• What to work on
Would you reproduce, word for word, only the lines running from the top of the data through the line containing "Рюкзак школьный на", and none of the pictures?

• Information shown
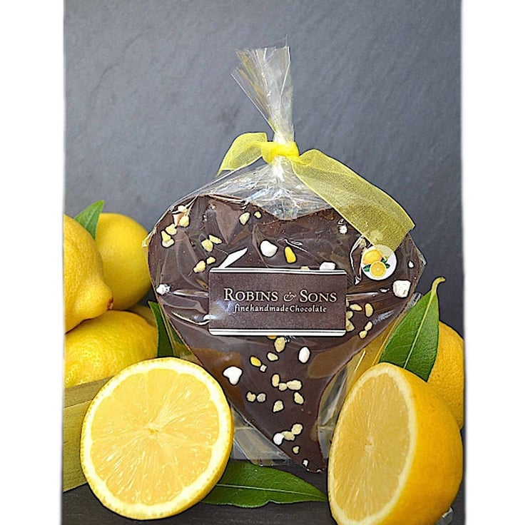 - Smooth Belgian 70% dark chocolate 'heart shaped' gift bar flavoured with natural Sicilian lemon oil extract
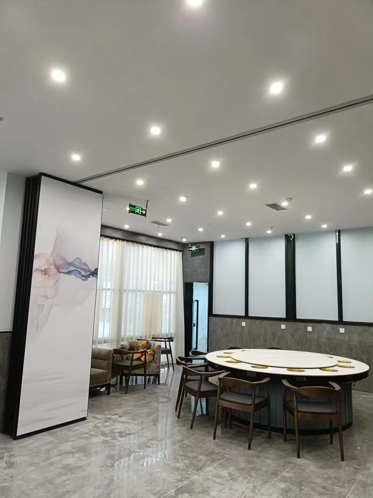其中,包间移动隔断作为源头产品,具有很强的灵活性。它可以根据包间的实际需求,随时调整空间大小,满足不同规模聚会的需求。在酒店的餐饮包间中,使用包间移动隔断可以在高峰时段增加包间数量,提高空间利用率;在非高峰时段,又可以将隔断打开,形成更大的空间,举办小型活动。
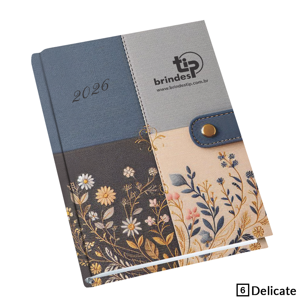 Opcionais: Apliques, cantoneiras, fecho elástico, suporte para caneta, caneta, caneta personalizada e lupa para leitura.
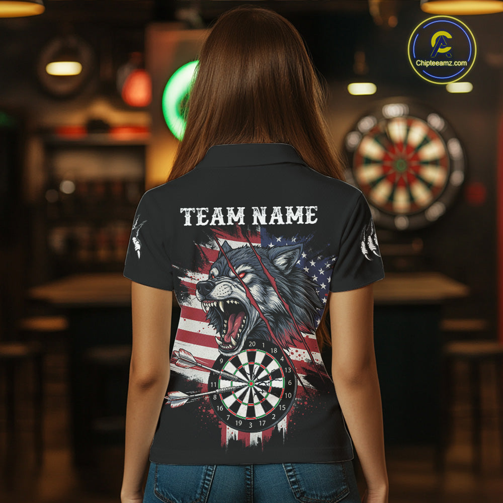 Fire American Flag Darts Polo Shirt For Women Custom Name & Team Patriotic Dart League Shirt NYN2053
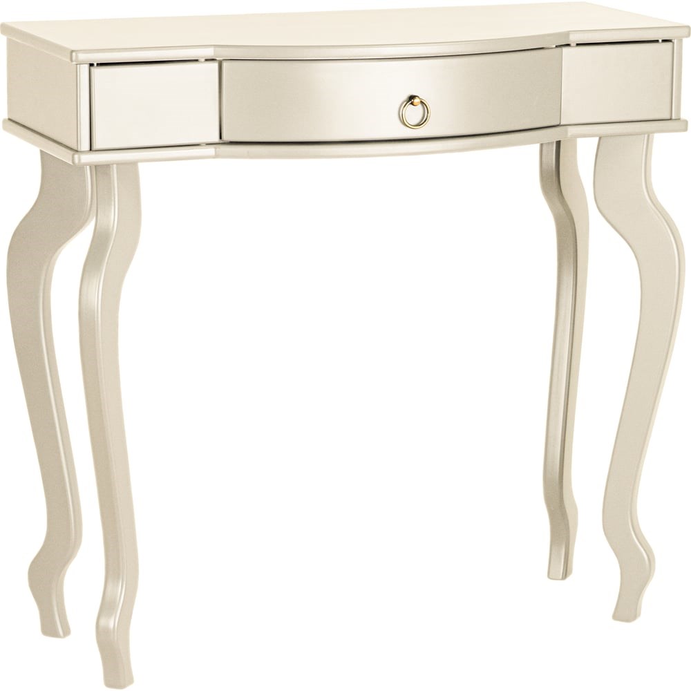 Изящная консоль Берже 11 станет украшением спальни, гостиной, прихожей, будуара в классическом стиле. Кроме выдвижного ящика, у модели есть два потайных. Благодаря этому предмету все важные предметы будут под рукой в надёжном месте. Консоль удобно использовать как туалетный столик, совмещая с банкеткой и зеркалом из серии Берже.
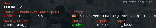 Последний раз был в сети 2 дня назад Игрок с таким ником замечен на 19 серверах
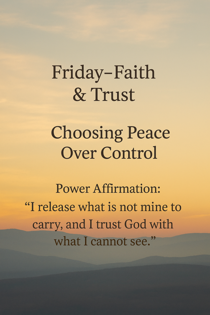 I release what is not mine to carry and I trust God with what I cannot see.
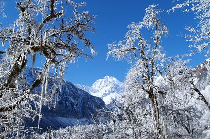 冬季的海螺溝是冬雪仙境、人間至美!海螺溝位于貢嘎雪峰腳下,是“蜀山之王”貢嘎山的門戶,以低海拔現(xiàn)代冰川著稱于世。站在雪后的海螺溝遙望貢嘎神峰,猶如一道冰凝玉砌的天庭界碑,氣勢雄渾直指九霄,雪霧攜祥云共舞峰巔,絕世獨(dú)立的山王風(fēng)范在冰雪仙靈的輔佐下,更顯帝王之氣。
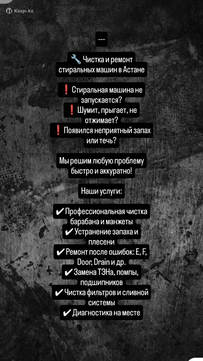 Ремонт и профессиональная чистка стиральных машин любых марок. Работаем по всему городу Астана! 🚗 🔹 Не отжимает 🔹 Не сливает воду 🔹 Пахнет после стирки 🔹 Шумит или не крутит барабан 🔹 Не включается ✅ Выезд мастера на дом ✅ Гарантия на все работы ✅ Быстро и аккуратно ✅ Доступные цены 📲 Пишите или звоните — приедем сегодня!
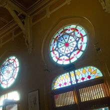 天井が高く、ステンドグラスから差し込む光がとても綺麗です。
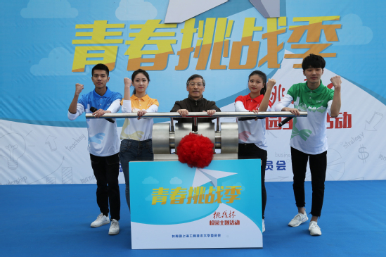 鲁嘉华副校长和“校园挑战大使”共同启动“青春挑战季”,寓意工程大创新创业者“撸起袖子加油干”!
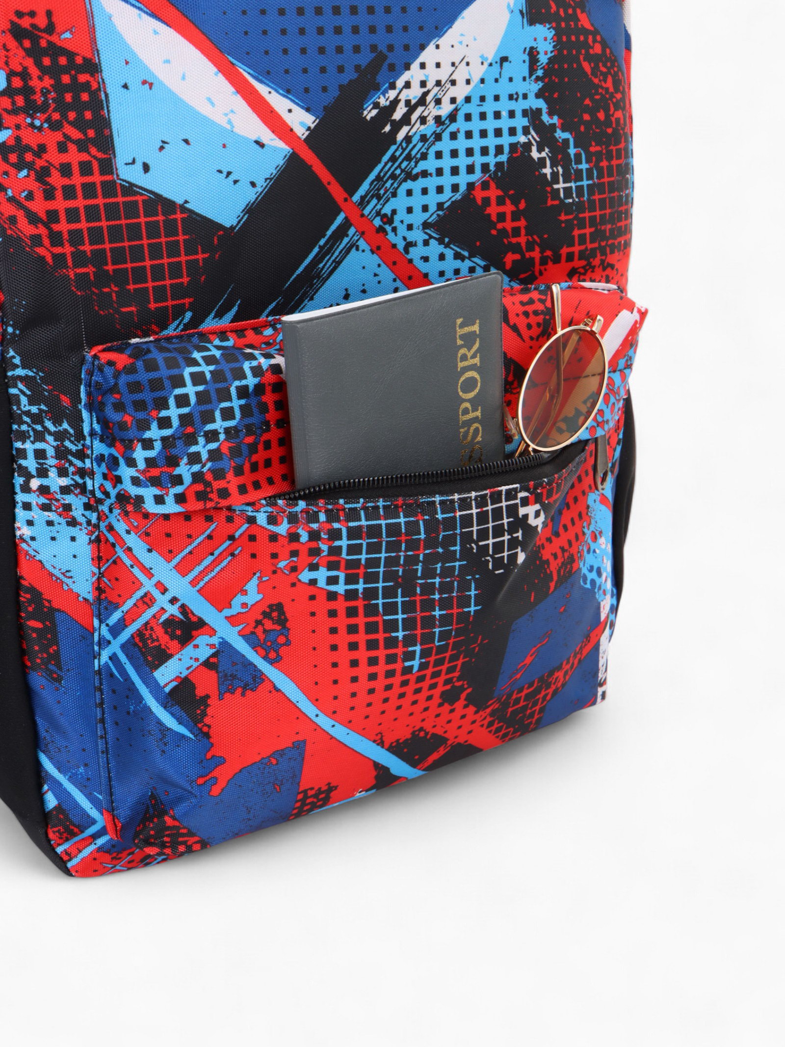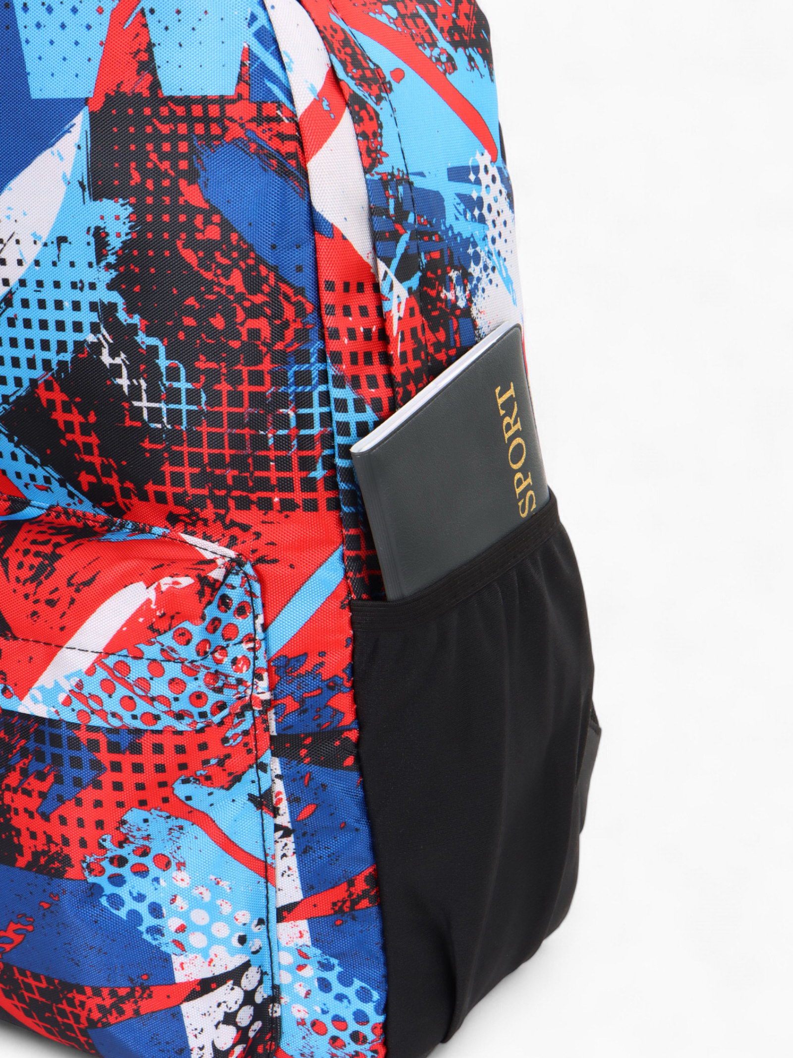 Рюкзак школьный на молнии, с карманом, с абстрактным принтом, однотонный, размер 29x12x42 см, красный/голубой, 12x29x42 см., Китай
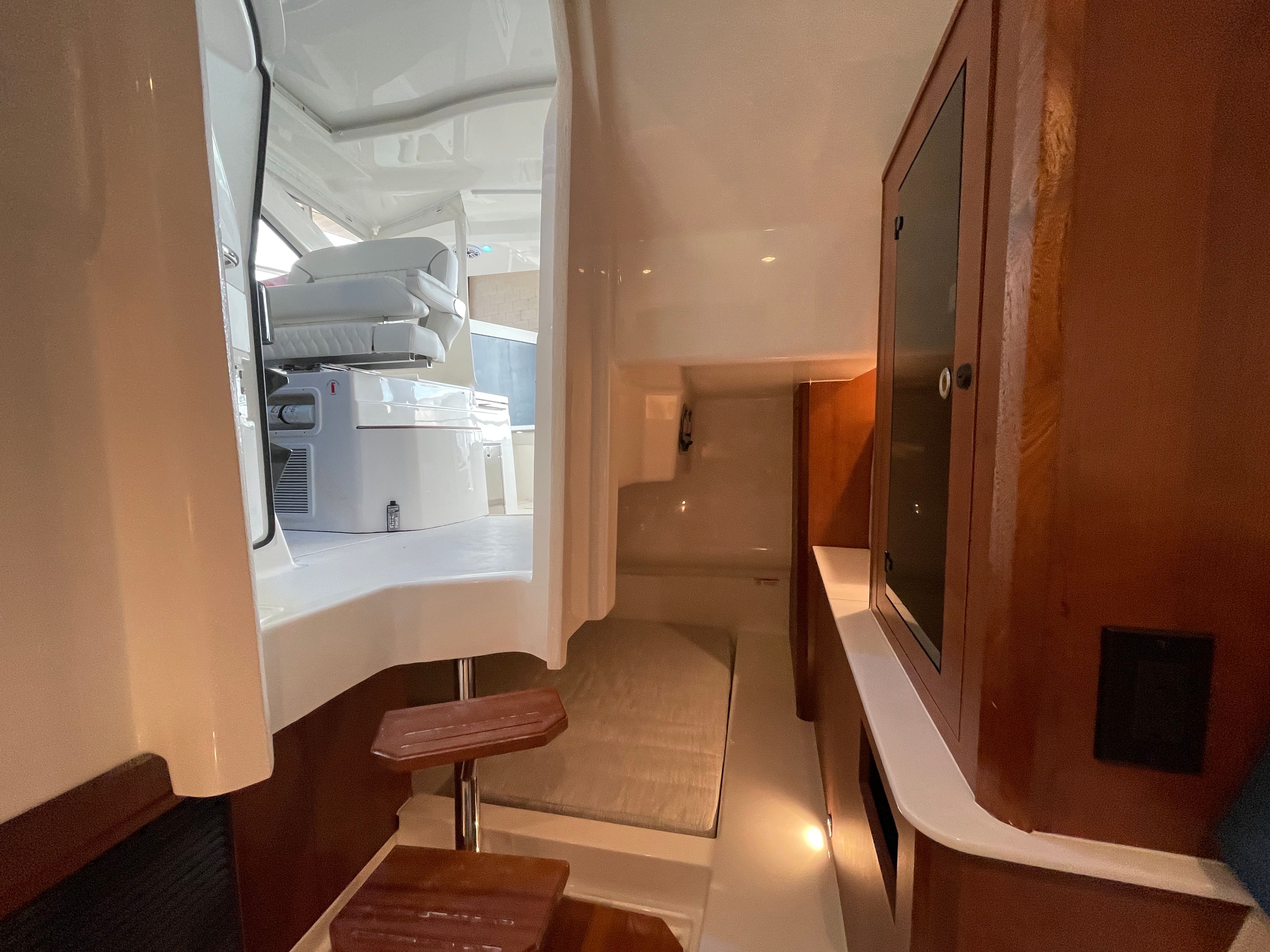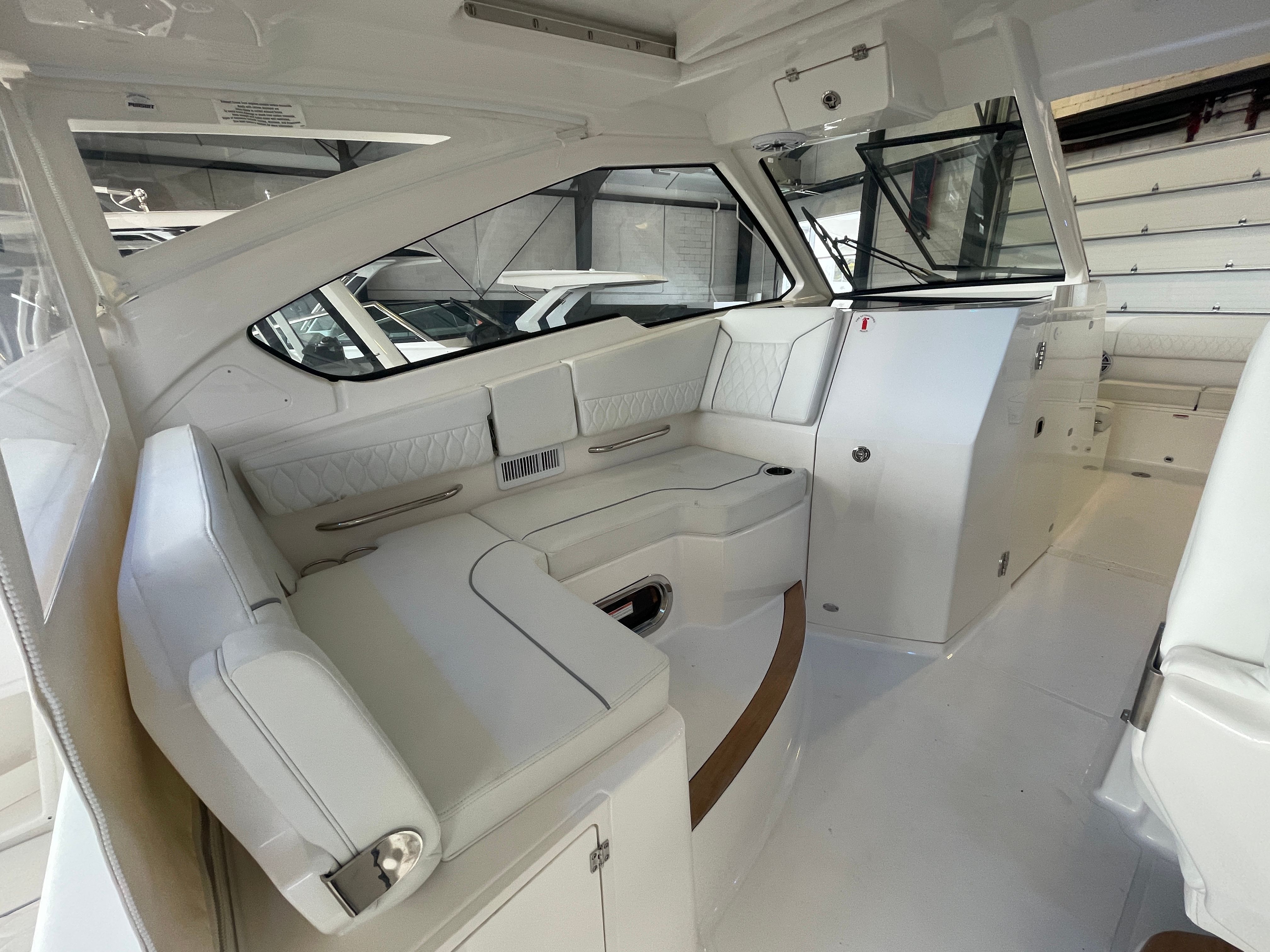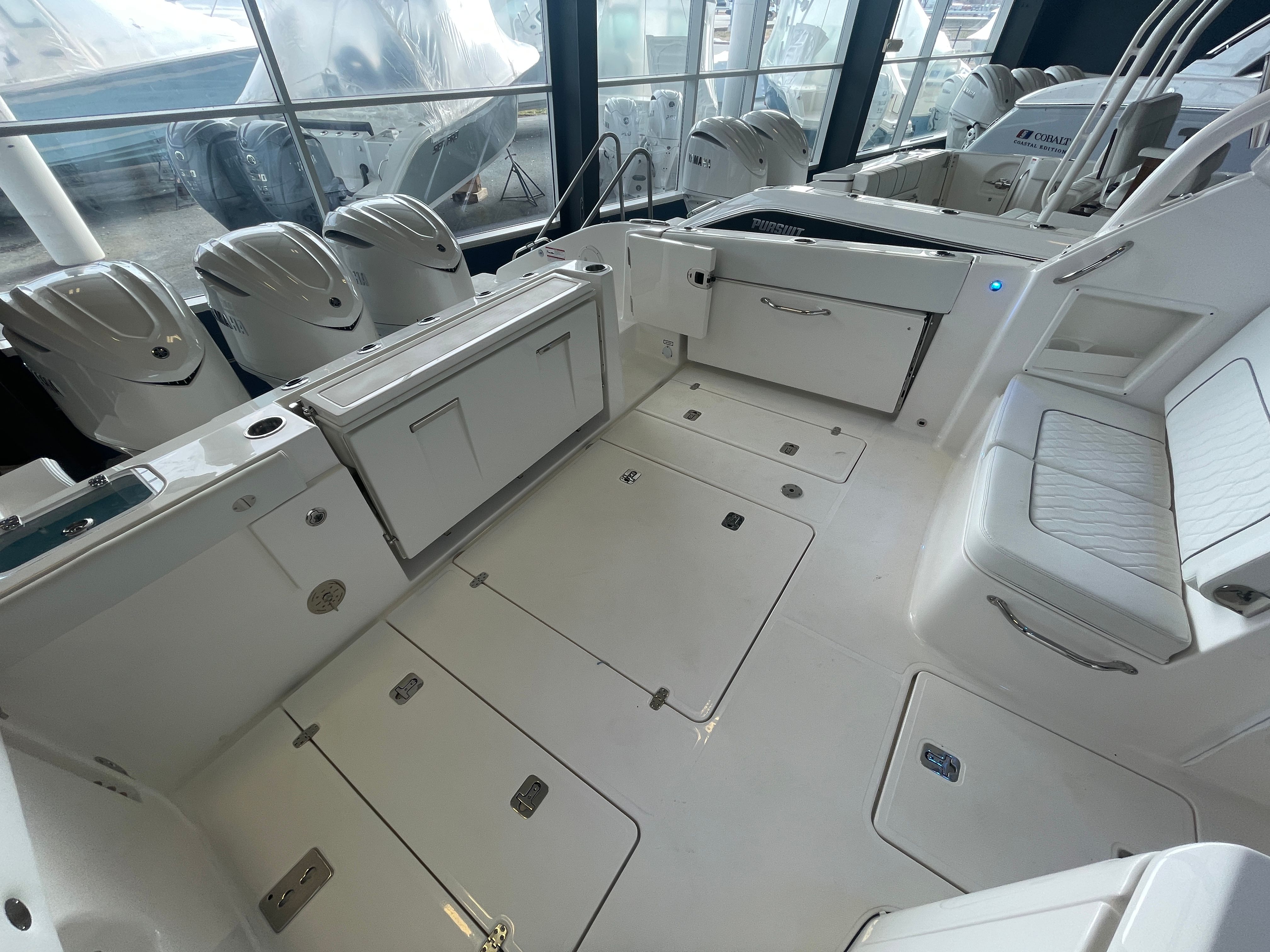 Practicality meets luxury in the Pursuit 365 DC. The boat’s generous length and smart layout provide ample storage for gear, water toys, and personal items, keeping your deck clutter-free and organized. Docking and maneuvering are simplified by the responsive triple-engine setup, allowing you to navigate marinas and tight spaces with confidence. The efficient design ensures you get the most out of every gallon of fuel, making longer trips more accessible and cost-effective.The air-conditioned cockpit extends your boating season, offering a cool retreat during summer and a cozy haven when the weather turns. The durable, easy-to-clean surfaces and protective covers help maintain the boat’s pristine appearance, reducing maintenance and preserving value over time. Whether you are planning a quick day trip or an extended adventure, the Pursuit 365 DC adapts to your needs, delivering both convenience and peace of mind.

• Written answer
 - Smooth Belgian 70% dark chocolate 'heart shaped' gift bar flavoured with natural Sicilian lemon oil extract
其中,包间移动隔断作为源头产品,具有很强的灵活性。它可以根据包间的实际需求,随时调整空间大小,满足不同规模聚会的需求。在酒店的餐饮包间中,使用包间移动隔断可以在高峰时段增加包间数量,提高空间利用率;在非高峰时段,又可以将隔断打开,形成更大的空间,举办小型活动。
 Opcionais: Apliques, cantoneiras, fecho elástico, suporte para caneta, caneta, caneta personalizada e lupa para leitura.
 Fire American Flag Darts Polo Shirt For Women Custom Name & Team Patriotic Dart League Shirt NYN2053
 Изящная консоль Берже 11 станет украшением спальни, гостиной, прихожей, будуара в классическом стиле. Кроме выдвижного ящика, у модели есть два потайных. Благодаря этому предмету все важные предметы будут под рукой в надёжном месте. Консоль удобно использовать как туалетный столик, совмещая с банкеткой и зеркалом из серии Берже.
 Последний раз был в сети 2 дня назад Игрок с таким ником замечен на 19 серверах
 I release what is not mine to carry and I trust God with what I cannot see.
 冬季的海螺溝是冬雪仙境、人間至美!海螺溝位于貢嘎雪峰腳下,是“蜀山之王”貢嘎山的門戶,以低海拔現(xiàn)代冰川著稱于世。站在雪后的海螺溝遙望貢嘎神峰,猶如一道冰凝玉砌的天庭界碑,氣勢雄渾直指九霄,雪霧攜祥云共舞峰巔,絕世獨(dú)立的山王風(fēng)范在冰雪仙靈的輔佐下,更顯帝王之氣。
 Ремонт и профессиональная чистка стиральных машин любых марок. Работаем по всему городу Астана! 🚗 🔹 Не отжимает 🔹 Не сливает воду 🔹 Пахнет после стирки 🔹 Шумит или не крутит барабан 🔹 Не включается ✅ Выезд мастера на дом ✅ Гарантия на все работы ✅ Быстро и аккуратно ✅ Доступные цены 📲 Пишите или звоните — приедем сегодня!
 天井が高く、ステンドグラスから差し込む光がとても綺麗です。
 鲁嘉华副校长和“校园挑战大使”共同启动“青春挑战季”,寓意工程大创新创业者“撸起袖子加油干”!
 Рюкзак школьный на молнии, с карманом, с абстрактным принтом, однотонный, размер 29x12x42 см, красный/голубой, 12x29x42 см., Китай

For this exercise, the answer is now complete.